Türkler olarak Orta Asya’dan beri gelen kadim bir kültürümüz var. Köklerimiz çok sağlam. Örf ve adetlerimizin geçmişi çok derinlere dayanıyor. Orta Asya’dan Anadolu’ya uzanan yolda çok sayıda devlet ve uygarlık kurduğumuz için hükümranlık sürdüğümüz toprakların toplumlarından da kültürel alışverişimiz oldu. İslami, Arabi, Farisi, Alevi, Kürdi ve Avrupai kültürlerden etkilendik. Kendi kültürümüzle onların kültürlerini güzelce harmanladık. Nihayetinde kendi öz kültürümüzü büyük ölçüde koruyarak bugünlere geldik.
İslam’la tanışma, Arap ve Fars haklarıyla kaynaşma, Avrupa’lılarla temaslarımız ve ticaretimiz, Selçuklu, Osmanlı gibi büyük devletler kurup küresel çapta etkili oluşumuz, nihayetinde kurduğumuz son Cumhuriyet, batılılaşma hareketleri kültürümüze zenginlik kattı.
Yiğitliğiyle, misafirperverliğiyle, yardımseverliğiyle, saf ve temiz oluşuyla, çalışkanlığıyla, ahlakıyla Dünya’ya nam salmıştır Türk insanı. Çok zor zamanlardan geçmiş, nice savaşlar ve badireler atlatmış, nice zaferler kazanmış, yokluğu da varlığı da görmüş geçirmiştir. Toprağına sahip çıkmış, nice şehit ve gaziler vermiştir bayrağı ve dini uğruna. Bizim ezanımız, kandillerimiz, büyüğe saygımız, küçüğe sevgimiz Dünya’ya örnektir. Ekmeğe basmayız, karıncayı incitmeyiz ama yeri gelince, milli ve manevi değerlerimize saldırılınca aslan gibi kükrer, birlik ve beraberlik içinde hareket ederiz. Bileğini bükemediğimizin elini öpmekten gocunmayız.

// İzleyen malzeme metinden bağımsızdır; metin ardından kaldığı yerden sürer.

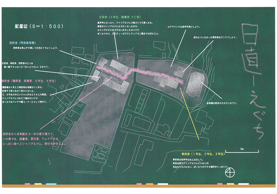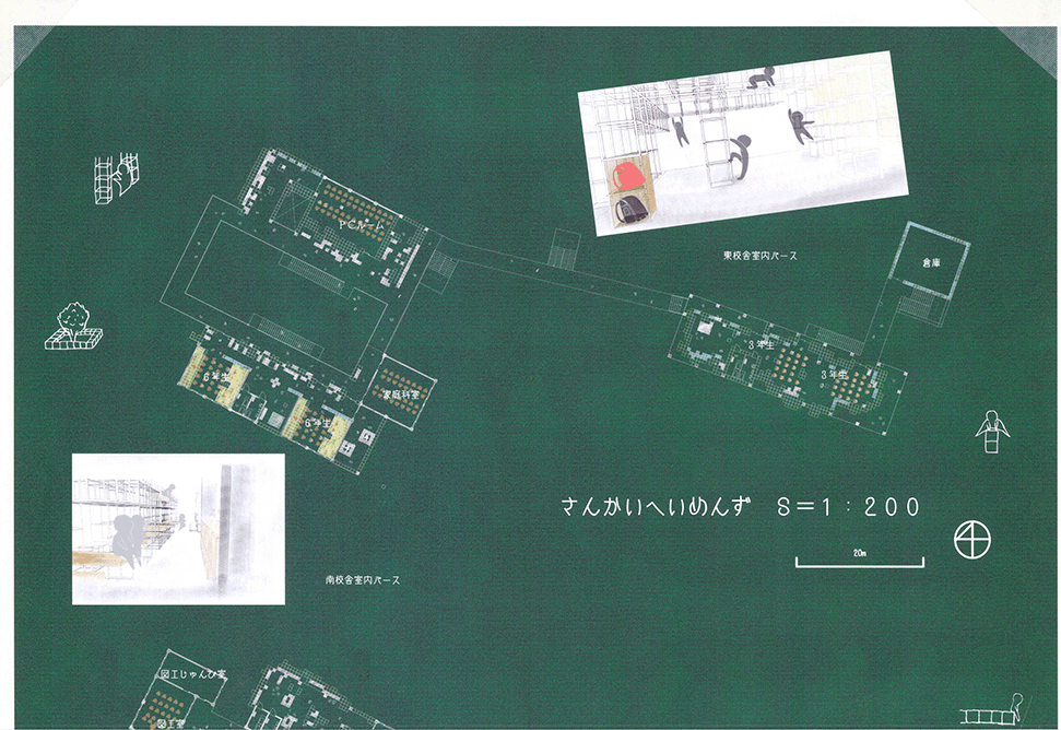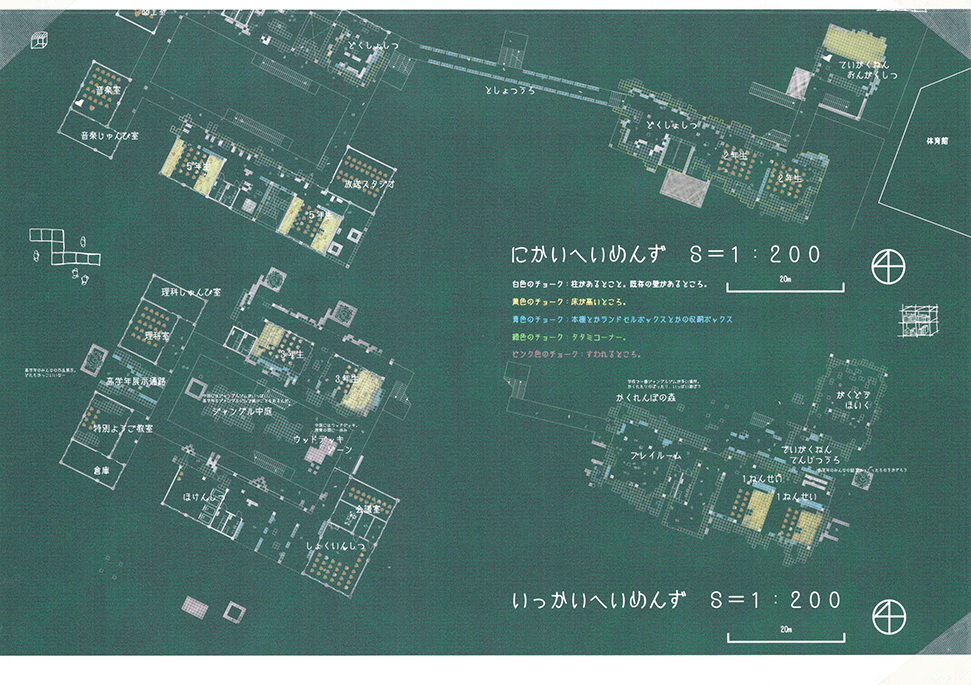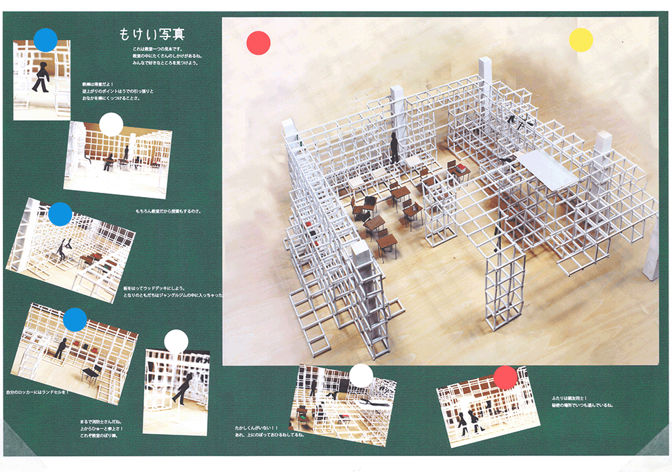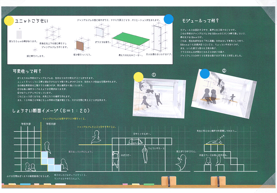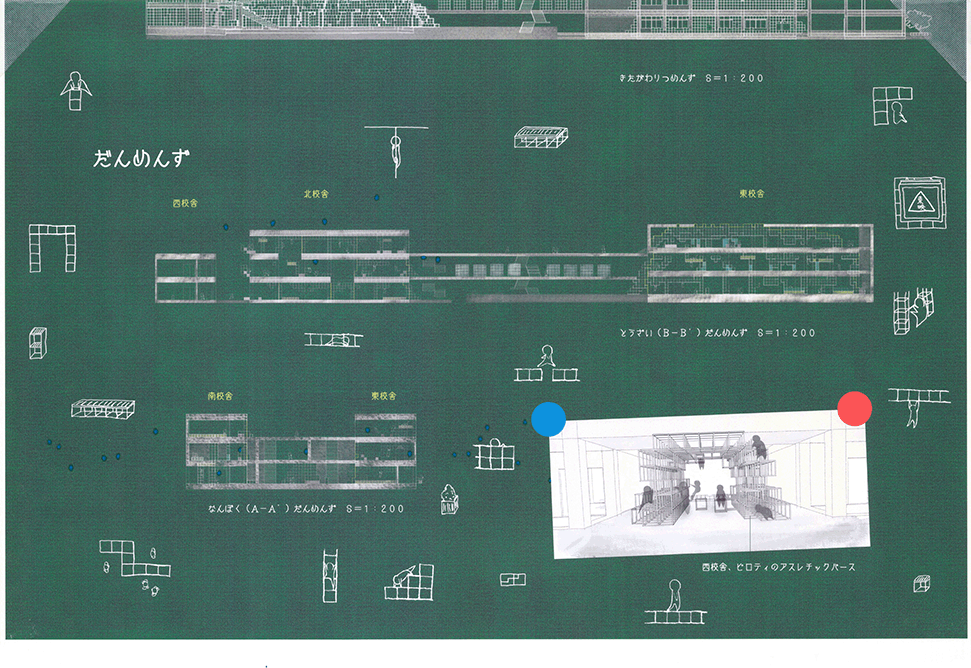 空き教室が増えた既存小学校の校舎に、500mmグリッドの可変性のある巨大なジャングルジムを挿入するという提案である。実際の小学校のリノベーションでは、空き空間に住民施設や福祉施設などの用途を持ち込み利用する場合が多いのに対し、この提案では、あくまでも子供達の空間として活用することにこだわる点に特徴がある。ゆとりのできた校舎内に大小様々なジャングルジムが置かれることによって、学びと遊びとを一体的に体験できる空間が作り出されている。可変式ユニットの安全性、既存校舎や外部空間との関係性、ファサードデザインなど様々な課題もあるが、たまにはこんなリノベーションがあってもいいと思わせる提案になった。黒板を模した図面表現も、提案にマッチした楽しげな表現になっている。こうした点が評価されて、本作品は卒業設計賞優秀賞を受賞した。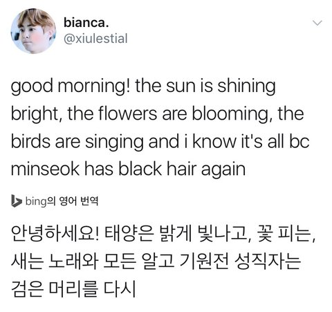 시우민 흑발에 감격한 외국팬분 트윗ㅋㅋㅋ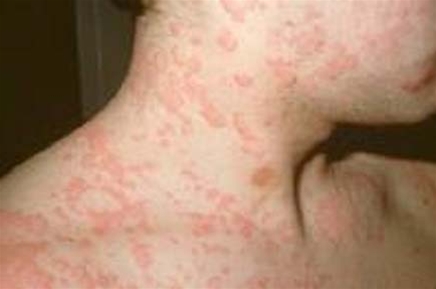 Reaktionen viser sig oftest i form af hudkløe, rødme, hævelser, besvær med at trække vejret, opkast, diarré og/eller smerter i maven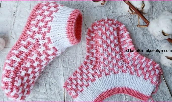 вязание спицами, следки, тапочки, мастер класс, видео, двухцветные, для начинающих вязальщиц, для женщин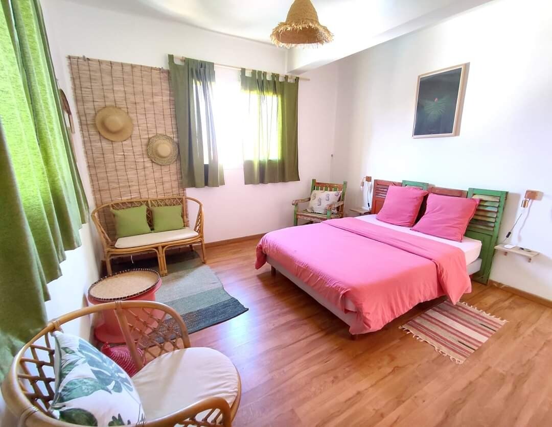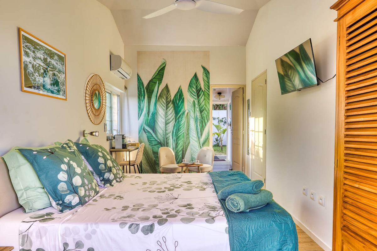 Partie de maison privée avec une chambre, une salle de bain, toilettes, cuisine sur coin terrasse à usage exclusif dans grande villa. Accès aux lieux par portes privées. Environnement calme. Centre ville à moins de 5 mins en voiture, arrêt bus à proximité ( 100m). Le logement se trouve à mi-chemin entre mer et montagnes ( Plage de Saint Pierre à 10km, Etang-Salé , Plaine des Cafres (lieux de randonnées : Piton des Neiges, Grand-Bassin, Volcan ,Notre Dame de la Paix ) à moins de 30 mn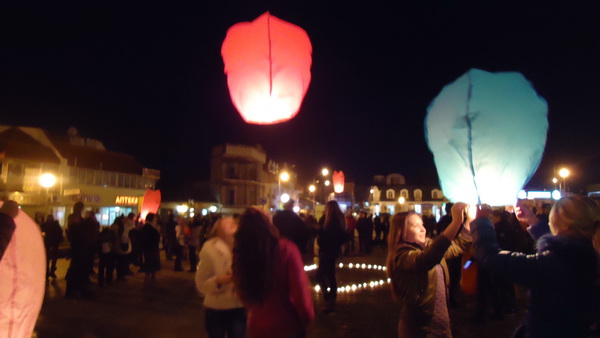 Молодежь города выложила на площади Ленина сердце из зажженных плавающих свечей. Потом каждая влюбленная пара зажгла и отправила в небо бумажный фонарик желаний, на котором предварительно молодые люди написали свои пожелания.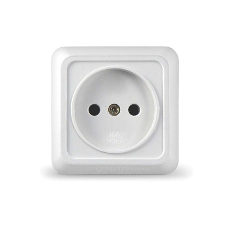 Розетка 1-м ОП Олимп 16А бел. UNIVersal О0022 представляет собой электроустановочный механизм одноместной розетки.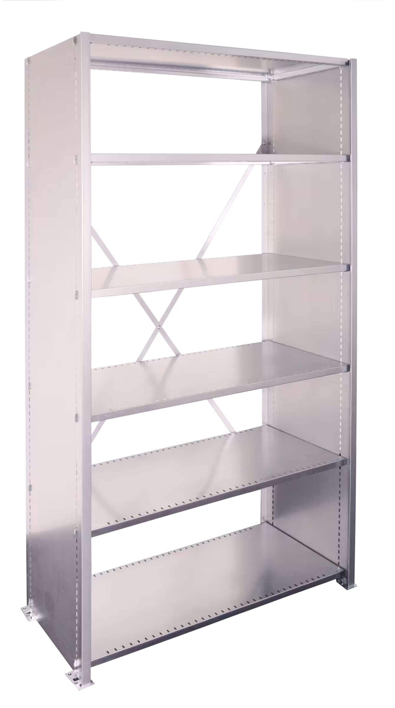2 Vollblech-Seitenwände, 1 Diagonalkreuz verzinkt, Fachböden glatt (Stärke 25 mm)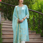 Sky Blue Georgette Festive Printed Straight Kurta Dupatta Set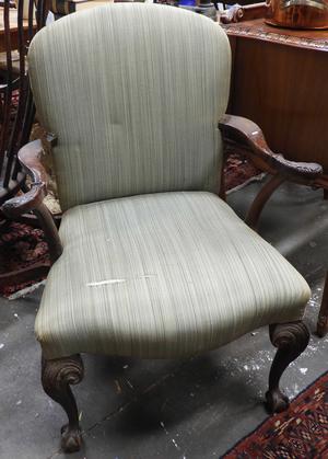 carved walnut upholstered open armchair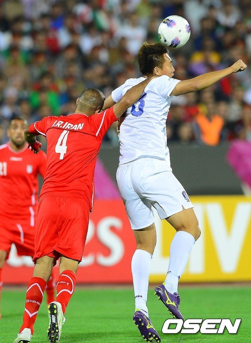 17일 새벽(한국시간) 이란 테헤란 아자디 스타디움에서 열린 '2014 브라질 월드컵 최종예선' 4차전 한국과 이란의 경기 전반 김신욱이 공중볼을 다투고 있다.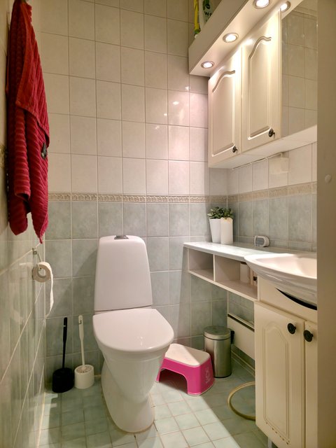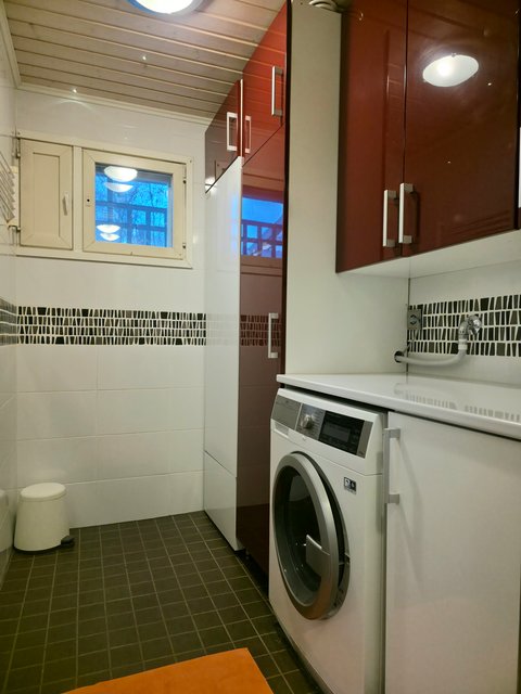 - Suihku, suihkukaappi, pesukoneliitäntä, ja lattialämmitys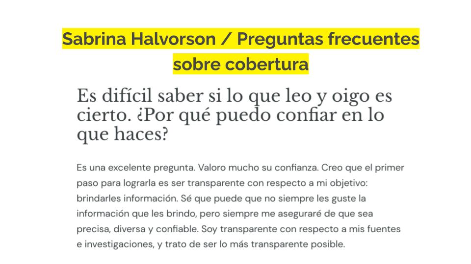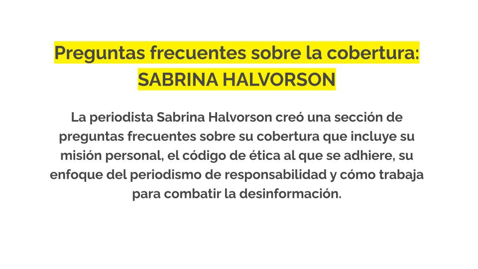 Este es un ejemplo de cómo puede ser una sección de preguntas frecuentes: la periodista Sabrina Halvorson ha añadido a su sitio web una sección de preguntas frecuentes que explica rápidamente su misión, su ética, el enfoque de su trabajo, así como algunas políticas de cobertura.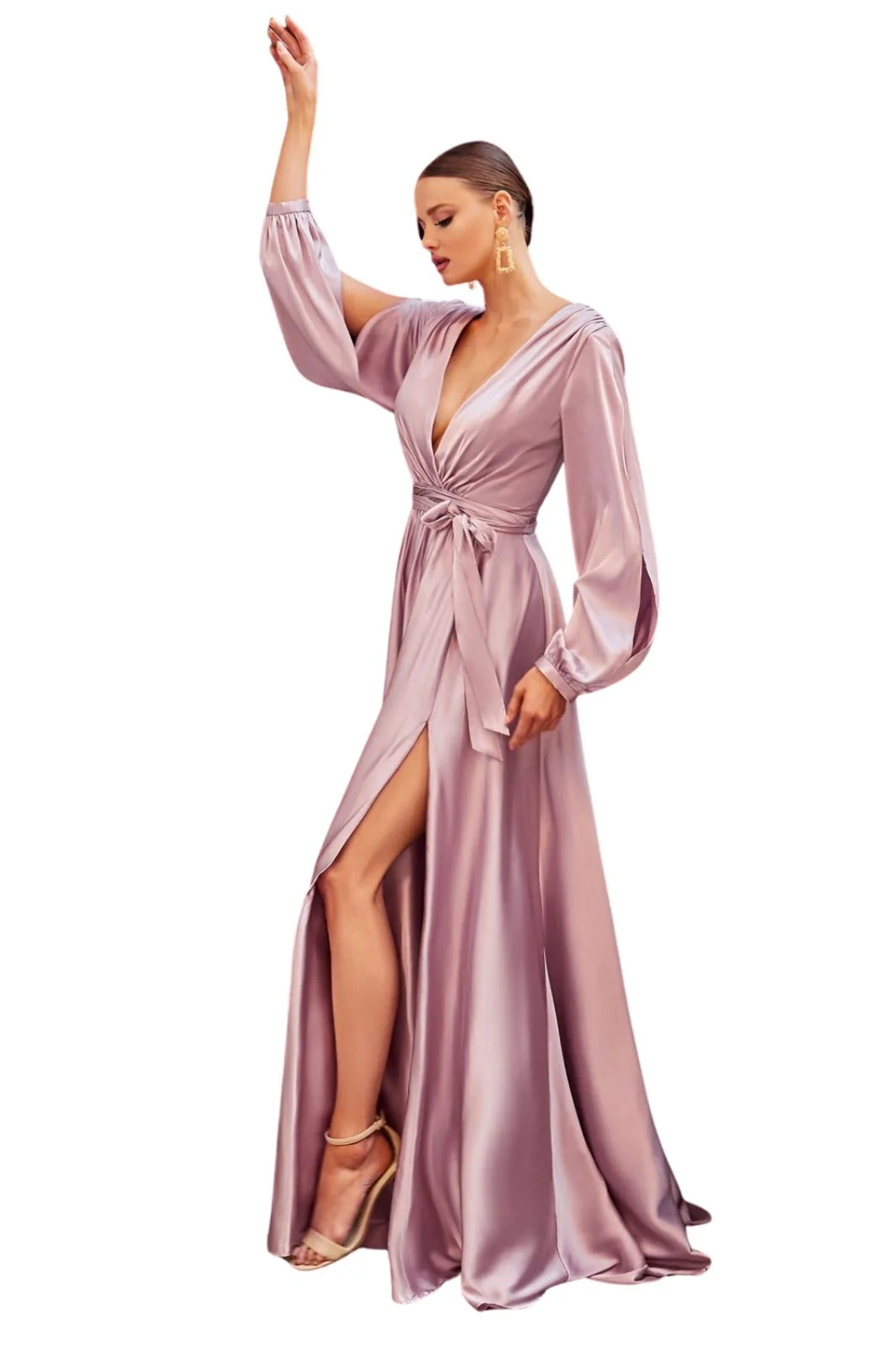 Description: Confectionnée dans un satin doux, cette robe longue présente des manches blouson fendues romantiques, un corsage plissé effet portefeuille et une encolure en V profonde. La jupe trapèze froncée présente une fente qui effleure la cuisse pour que vous puissiez montrer une petite jambe. Cette robe est l’incarnation de l’élégance, de la beauté et de la facilité.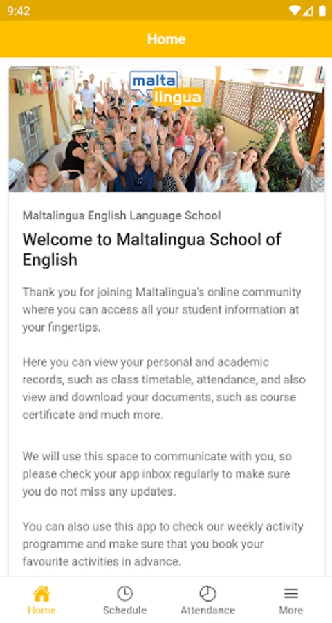 Connect with our community of teachers, students and staff with the Maltalingua app and ensure that you have the latest updates about your course at your fingertips!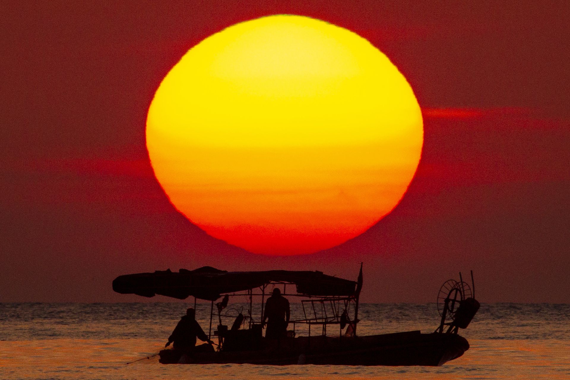 2020年4月18日,在黎巴嫩贝鲁特,一艘渔船穿越地中海Ramlet al-baida 公共海滩。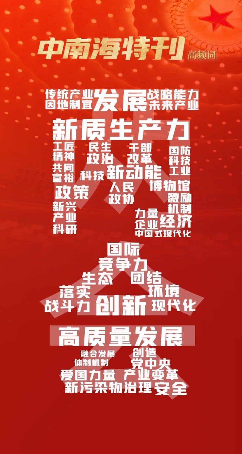 央視網(wǎng)I學(xué)習(xí)數(shù)據(jù)庫匯總分析總書記今年兩會期間重要講話顯示,“工匠精神”“新污染物治理”“博物館”等高頻詞持續(xù)升溫,引發(fā)熱議。這些解碼中國的高頻詞深刻印證了一種中國精神——歷史主動精神,彰顯了中國共產(chǎn)黨清醒的歷史自覺、堅定的歷史自信、強烈的責(zé)任擔(dān)當(dāng)。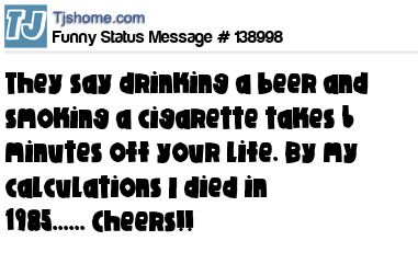 X says They say drinking a beer and smoking a cigarette takes 6 minutes off your life. By my calculations I died in 1985...... Cheers!!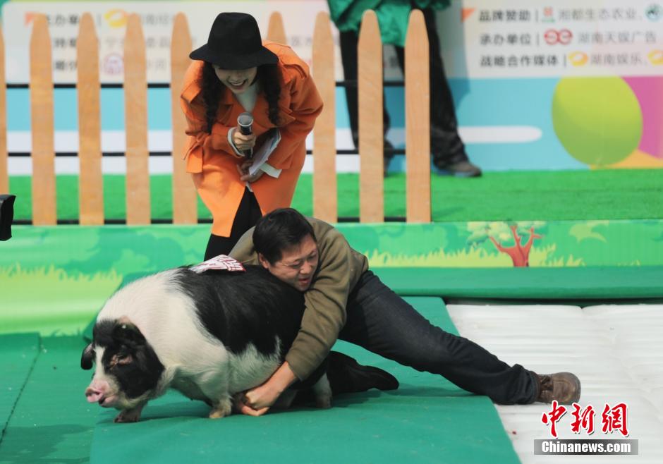A fun race is held in Changsha, central China’s Hunan province on Feb. 8, 2015. The participants were required to run on a 20 meters long ice track with a pig in arms and kiss the pig at the end point. (Chinanews/Yang Huafeng)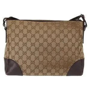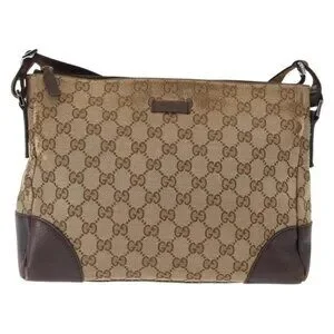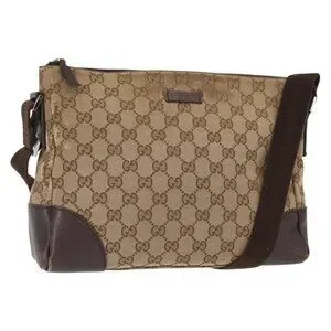 Pre-Owned Authentic GUCCI GG Canvas Shoulder Bag Beige Silver 114273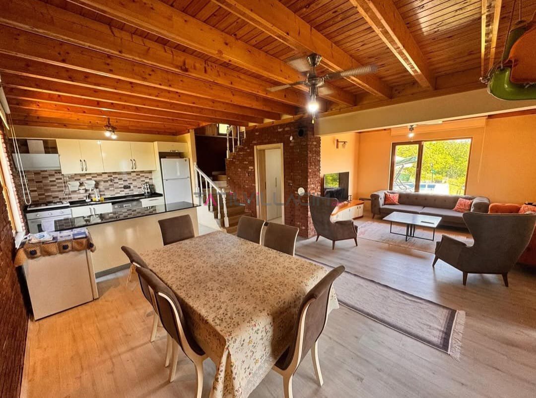 Geniş ve ferah iç yapısı, 4 yatak odası ve 8 kişilik kapasitesi ile kalabalık aileler veya arkadaş grupları için ideal bir konaklama sunar. Villanın sıcak atmosferi, günün her saatinde sizi sarar; sabahları doğanın içinde uyanmanın huzurunu, akşamları ateş çukurunun başında sohbet etmenin keyfini doyasıya yaşarsınız.

Bu topraklarımız güzel kokar, neden bilir misiniz? Çünkü tüm sevdiklerimizi bu topraklara gömdük te ondan. Bizim gökyüzümüz göçmen kuşların geçiş rotasıdır, her baharda yeniden gelip yuvalarını kurarlar. Çünkü bizim onlarla bile dostluğumuz vardır.
Yıllar içinde Dünya’nın değişik yerlerinde zulme uğrayan ne kadar Türk kökenli soydaşımız varsa sahip çıktık. Hepsi bizimle kaynaştı, kız alıp verdik, aile olduk. Hatta başka kültürlerden insanları bile bağrımıza bastık, evimizin kapılarını açtık, ekmeğimizi paylaştık. Bizi seven ev saygı duyan herkesle iyi geçindik. Toprağımıza, birlik ve beraberliğimize göz dikenlere bile kendilerine gelme şansı tanıdık.
Bizim cenaze ve düğünlerimizde, festivallerimizde, güreş, okçuluk gibi ata sporlarımızda, aile ve sosyal yaşantımızda, köylerimizde, şehirlerimizde, demokratik hayatımızda, müziğimizde, folklörümüzde, milli ve dini bayramlarımızda, mevlidlerimizde, kandil gecelerinde, Ramazan teravihlerinde, destanlarımızda, hikâye ve masallarımızda, İstanbul Türkçesinde, bozkurt işaretimizde, türkülerimizde ve ağıtlarımızda hep bu kültürümüzün izlerini görebilirsiniz. Bizim insanımız birbirine saygılıdır, inanan, inanmayan, içki içen, içmeyen, açık gezen, kapalı yaşamayı tercih eden, solcumuz, ülkücümüz tüm insanlarımız. Evet ara sıra tartışmalarımız olur ama kol kırılır yen içinde kalır. Daha doğrusu kalırdı. Artık kalmıyor. İşte bu noktada işin rengi değişmeye başladı. Maalesef ilk başta masum ve mazlum insanlara kucak açma şeklinde başlayan göçler Tük insanını ve kültürünü ele geçirmeye ve boğmaya başladı.
Binlerce yıldır emek verdiğimiz, el emeği göz nuru ile büyütüp beslediğimiz, gözümüz gibi sakındığımız kültürümüz yok olma tehlikesiyle karşı karşıya. Mahallemizi, köyümüzü, kentimizi nerden geldiği belli olmayan, bize adapte olmamakta ısrar eden, iyi görünüp aslında içinde bize karşı ne hisler beslediğini bilmediğimiz insanlar kapladı her yanımızı. Başımıza ne geleceğini bilmeden, korku ve endişe içinde yaşamaya başladık. Artık çocuklarımız için endişe eder olduk. Tek başımıza gezmekten korkar hale geldik.